Your copy should match the records exactly, except that it contains no pictures.

═════ SOURCE DATA ═════

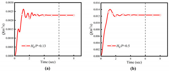 Discharge time series of ATLW: (a) H0/P = 0.13; (b) H0/P = 0.5.
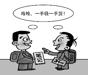 “做一本暑假作业20元,讲一道题5元,借一次笔记5元,如果没钱,用笔记本、签字笔、橡皮、薯片等东西来换也行。”据了解,一些地方的中小学中,包括“学霸”讲课收费在内,“有偿帮助”很盛行,并得到了部分家长和学生的认可。眼看就要开学了,这样的“生意”是否应该制止呢?(9月5日《北京晚报》)图/赵顺清
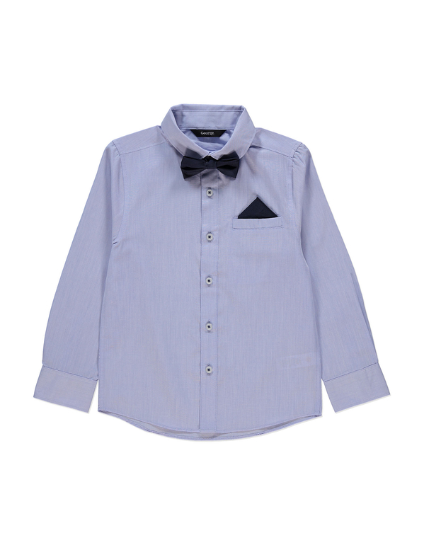 Рубашка с бабочкой George. Голубая рубашка с кармашком на груди, в кармашке платочек + бабочка темно-синяя, застегивается на липучку, снимается. Состав 35% хлопок, 65% полиэстер. Размеры 2-3г (92-98) 650руб
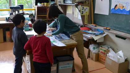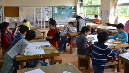 25日、まだインフルエンザによるお休みの多い2年生。図工の時間も本格的な作品制作は持ち越しにして、自由な発想で絵を描いていました。思い思い楽しそうに描く子どもたちです。
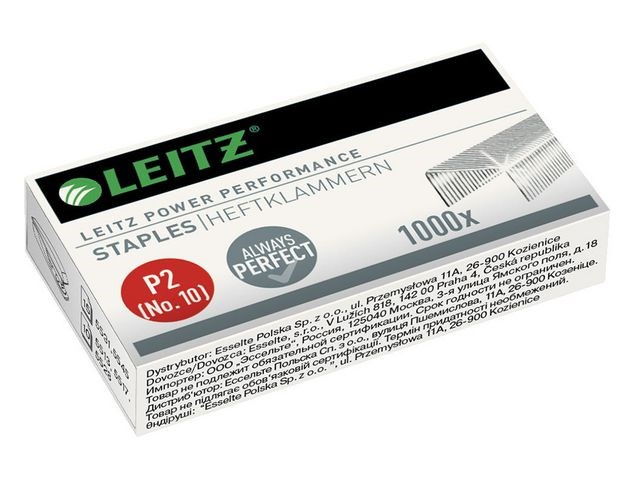 Du kan effektivt stapla samman flera sidor med Power Performance P2-klamrar från Leitz®, som har en benlängd på 4 mm. Leitz® Power Performance P2-klamrar är utformade för att häfta upp till 10 ark åt gången med en tjocklek på 80 g/m². Dessa refiller som är kompatibla med den elektriska häftapparaten Leitz® 5530, tången Allura 5539 och 5545, räcker länge och håller hög kvalitet. Dessutom kan dessa klamrar enkelt förvaras tack vare deras kompakta förpackning.

═════

• _WRITTEN SOLUTION_:
 Discharge time series of ATLW: (a) H0/P = 0.13; (b) H0/P = 0.5.
 “做一本暑假作业20元,讲一道题5元,借一次笔记5元,如果没钱,用笔记本、签字笔、橡皮、薯片等东西来换也行。”据了解,一些地方的中小学中,包括“学霸”讲课收费在内,“有偿帮助”很盛行,并得到了部分家长和学生的认可。眼看就要开学了,这样的“生意”是否应该制止呢?(9月5日《北京晚报》)图/赵顺清
 Рубашка с бабочкой George. Голубая рубашка с кармашком на груди, в кармашке платочек + бабочка темно-синяя, застегивается на липучку, снимается. Состав 35% хлопок, 65% полиэстер. Размеры 2-3г (92-98) 650руб
 25日、まだインフルエンザによるお休みの多い2年生。図工の時間も本格的な作品制作は持ち越しにして、自由な発想で絵を描いていました。思い思い楽しそうに描く子どもたちです。
 Du kan effektivt stapla samman flera sidor med Power Performance P2-klamrar från Leitz®, som har en benlängd på 4 mm. Leitz® Power Performance P2-klamrar är utformade för att häfta upp till 10 ark åt gången med en tjocklek på 80 g/m². Dessa refiller som är kompatibla med den elektriska häftapparaten Leitz® 5530, tången Allura 5539 och 5545, räcker länge och håller hög kvalitet. Dessutom kan dessa klamrar enkelt förvaras tack vare deras kompakta förpackning.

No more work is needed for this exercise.